* **WHAT YOU WILL DO**
Pictures should not appear in the copy; the records themselves must be written out exactly.

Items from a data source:
——————————
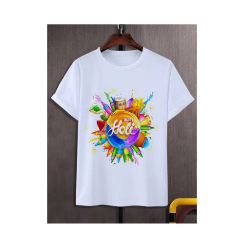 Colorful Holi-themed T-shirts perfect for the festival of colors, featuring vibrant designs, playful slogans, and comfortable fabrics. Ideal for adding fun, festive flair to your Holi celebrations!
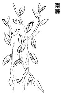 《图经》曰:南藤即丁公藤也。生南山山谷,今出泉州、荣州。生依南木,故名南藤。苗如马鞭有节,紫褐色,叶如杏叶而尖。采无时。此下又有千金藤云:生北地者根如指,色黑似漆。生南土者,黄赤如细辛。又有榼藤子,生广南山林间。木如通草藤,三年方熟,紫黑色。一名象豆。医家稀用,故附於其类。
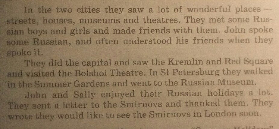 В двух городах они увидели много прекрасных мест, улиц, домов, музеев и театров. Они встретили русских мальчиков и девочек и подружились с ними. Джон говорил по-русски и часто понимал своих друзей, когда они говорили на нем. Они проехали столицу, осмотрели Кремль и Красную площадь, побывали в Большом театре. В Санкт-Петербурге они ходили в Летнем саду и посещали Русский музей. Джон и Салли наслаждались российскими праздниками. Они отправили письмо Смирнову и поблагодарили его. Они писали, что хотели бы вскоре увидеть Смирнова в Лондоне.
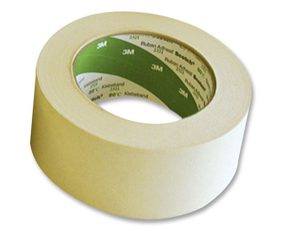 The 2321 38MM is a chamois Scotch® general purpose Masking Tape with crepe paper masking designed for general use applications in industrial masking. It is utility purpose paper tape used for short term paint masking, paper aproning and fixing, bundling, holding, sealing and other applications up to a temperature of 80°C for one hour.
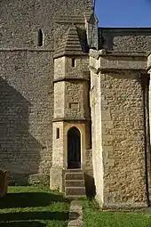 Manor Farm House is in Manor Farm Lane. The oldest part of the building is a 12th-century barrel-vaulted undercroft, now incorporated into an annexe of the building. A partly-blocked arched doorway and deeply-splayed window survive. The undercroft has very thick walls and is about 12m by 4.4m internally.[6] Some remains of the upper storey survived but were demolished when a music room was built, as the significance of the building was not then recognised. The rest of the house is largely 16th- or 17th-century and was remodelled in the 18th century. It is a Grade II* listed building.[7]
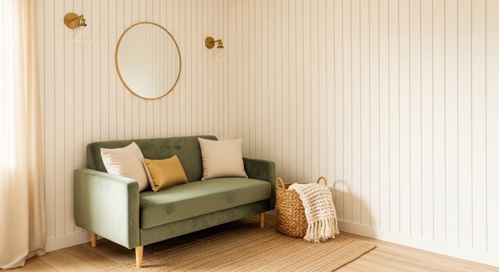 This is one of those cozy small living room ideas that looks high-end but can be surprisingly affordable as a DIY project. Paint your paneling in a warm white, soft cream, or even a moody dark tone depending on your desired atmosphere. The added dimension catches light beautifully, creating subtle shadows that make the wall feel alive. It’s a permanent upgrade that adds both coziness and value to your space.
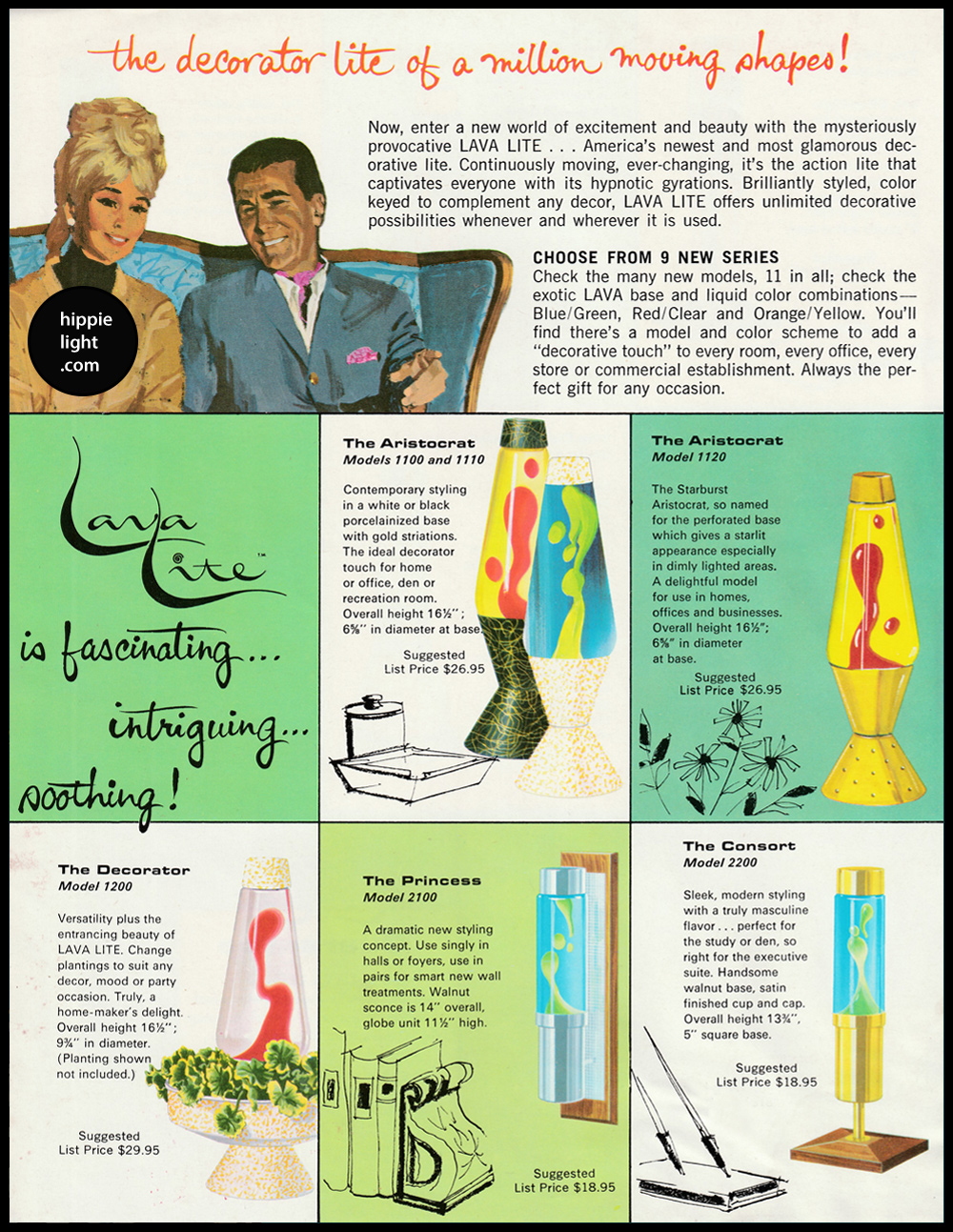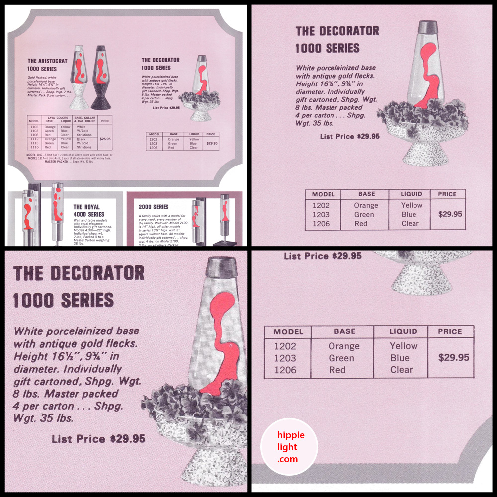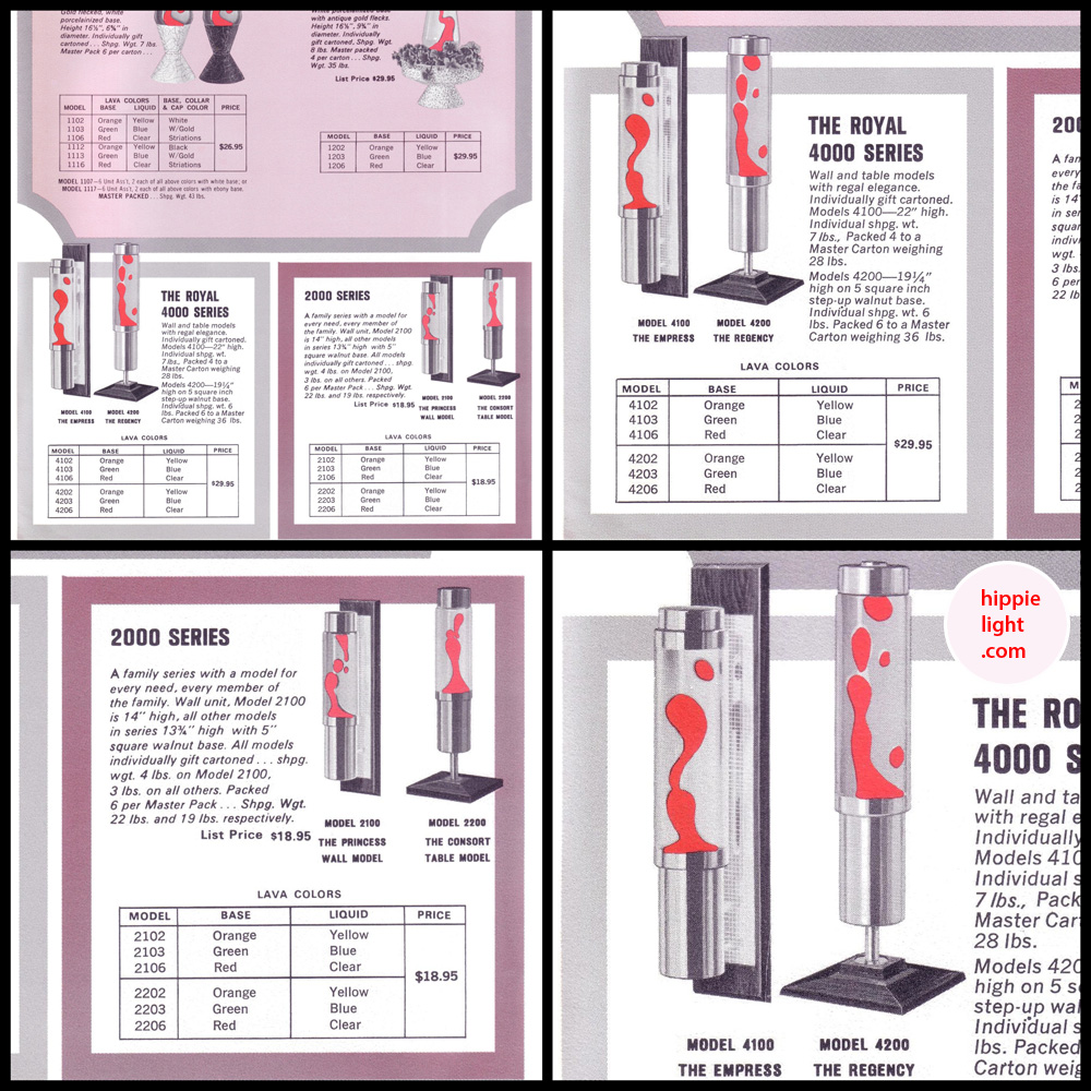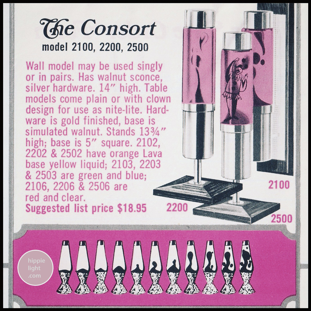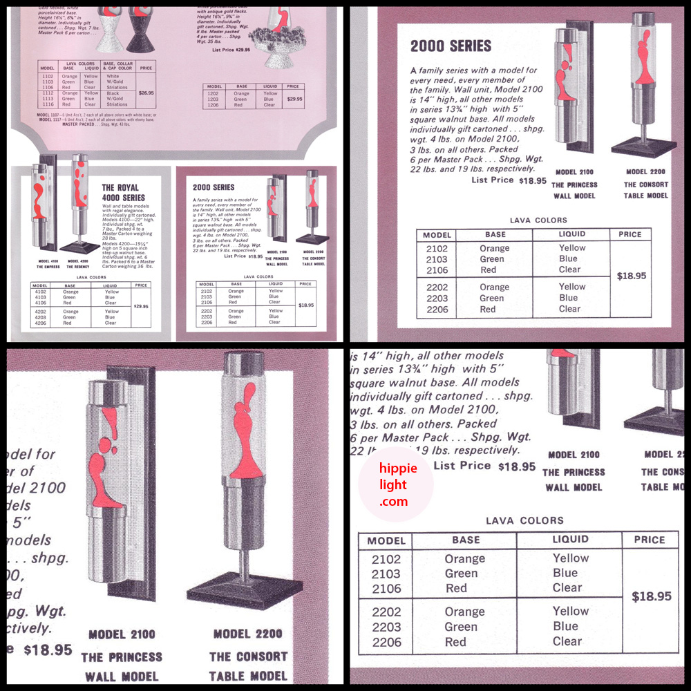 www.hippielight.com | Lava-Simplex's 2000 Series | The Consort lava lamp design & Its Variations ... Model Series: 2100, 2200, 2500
——————————
* **EXERCISE SOLUTION**
 Colorful Holi-themed T-shirts perfect for the festival of colors, featuring vibrant designs, playful slogans, and comfortable fabrics. Ideal for adding fun, festive flair to your Holi celebrations!
 《图经》曰:南藤即丁公藤也。生南山山谷,今出泉州、荣州。生依南木,故名南藤。苗如马鞭有节,紫褐色,叶如杏叶而尖。采无时。此下又有千金藤云:生北地者根如指,色黑似漆。生南土者,黄赤如细辛。又有榼藤子,生广南山林间。木如通草藤,三年方熟,紫黑色。一名象豆。医家稀用,故附於其类。
 В двух городах они увидели много прекрасных мест, улиц, домов, музеев и театров. Они встретили русских мальчиков и девочек и подружились с ними. Джон говорил по-русски и часто понимал своих друзей, когда они говорили на нем. Они проехали столицу, осмотрели Кремль и Красную площадь, побывали в Большом театре. В Санкт-Петербурге они ходили в Летнем саду и посещали Русский музей. Джон и Салли наслаждались российскими праздниками. Они отправили письмо Смирнову и поблагодарили его. Они писали, что хотели бы вскоре увидеть Смирнова в Лондоне.
 The 2321 38MM is a chamois Scotch® general purpose Masking Tape with crepe paper masking designed for general use applications in industrial masking. It is utility purpose paper tape used for short term paint masking, paper aproning and fixing, bundling, holding, sealing and other applications up to a temperature of 80°C for one hour.
 Manor Farm House is in Manor Farm Lane. The oldest part of the building is a 12th-century barrel-vaulted undercroft, now incorporated into an annexe of the building. A partly-blocked arched doorway and deeply-splayed window survive. The undercroft has very thick walls and is about 12m by 4.4m internally.[6] Some remains of the upper storey survived but were demolished when a music room was built, as the significance of the building was not then recognised. The rest of the house is largely 16th- or 17th-century and was remodelled in the 18th century. It is a Grade II* listed building.[7]
 This is one of those cozy small living room ideas that looks high-end but can be surprisingly affordable as a DIY project. Paint your paneling in a warm white, soft cream, or even a moody dark tone depending on your desired atmosphere. The added dimension catches light beautifully, creating subtle shadows that make the wall feel alive. It’s a permanent upgrade that adds both coziness and value to your space.
 www.hippielight.com | Lava-Simplex's 2000 Series | The Consort lava lamp design & Its Variations ... Model Series: 2100, 2200, 2500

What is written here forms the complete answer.